If you have the same tool holder as shown in the Video, could you post up some pics of yours? Im interested to see some detailed pics with the tool cutter out, to show the clamping arrangement better. Any and all pics would be good, even the fixture to sharpen the bits, but not a primary concern for me.

Thanks
Paul


----------



## EarlH (May 13, 2011)

ok  I'll find the camera and take some pictures.


----------



## 8ntsane (May 14, 2011)

Earl
that would be great, thanks.

Paul


----------



## ddmunroe (May 23, 2014)

Hi all,
At the risk of sounding daft what is the purpose of a tangient tool holder and what are it's advantages.
(Is it a holder used for when sharpening HSS ?)
)dd


----------



## Rick Leslie (May 23, 2014)

ddmunroe said:


> Hi all,
> At the risk of sounding daft what is the purpose of a tangient tool holder and what are it's advantages.
> (Is it a holder used for when sharpening HSS ?)
> )dd



I think the main advantage of this type of tool/holder is the force applied against the cutter during use is directed downward into the heavy portion of the tool holder versus the force being applied along the slimmer horizontal portion of a conventional tool holder.

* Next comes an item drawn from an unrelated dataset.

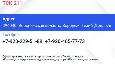 ТСК-211 по адресу 394040, Воронежская область, Воронеж, Тихий Дон, 57в в дальнейшем Организация, размещена в следующих категориях: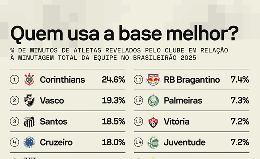 Vasco foi o 2º time com maior percentual de utilização da base no Brasileiro sábado, 03/01/2026 às 17:34 — Em Últimas notícias

There's quite a few threads and info on these tools and homemade holder. Google should turn up some excellent results. And this is also on my 'must build when I get time' list as well. Along with the vertical shear bit.

Some search results:
http://mikesworkshop.weebly.com/tangential-tool-holder.html
http://www.modelenginemaker.com/index.php?topic=712.45
http://www.gadgetbuilder.com/VerticalShearBit.html
http://www.chaski.org/homemachinist/viewtopic.php?t=84313


----------



## ddmunroe (May 23, 2014)

> If the edge dulls just change the height to use a different part of the edge or re-hone when the whole edge is dull. Since the chip slides along in contact with the bit for a fair distance (due to the narrow angle) this promotes heat transfer and wear



Is this another spin off from the tangential tool ..... never have I heard the tool center height was no longer important !

Can read more via this link : http://www.gadgetbuilder.com/VerticalShearBit.html


Thank's for posting​ the article Rick (prior post)


----------



## stevecmo (May 24, 2014)

ddmunroe,

The picture you posted is a shear bit, not a tangential tool.  The shear bit can contact the workpiece anywhere along the angled surface.  They work great for taking really small cuts that result in a great finish.

Steve


----------



## Hawkeye (May 24, 2014)

Shear bits work really nicely, but aren't so good cutting to a shoulder. Tangentials can turn and face from the same position.


----------



## Splat (May 25, 2014)

*Here's* another review of the Diamond tangential toolholder.


----------



## ddmunroe (May 25, 2014)

Splat,
That video is probably the best in explaining and illustrating the tangential tool.
Threading too !!
Much appreciated
dd


----------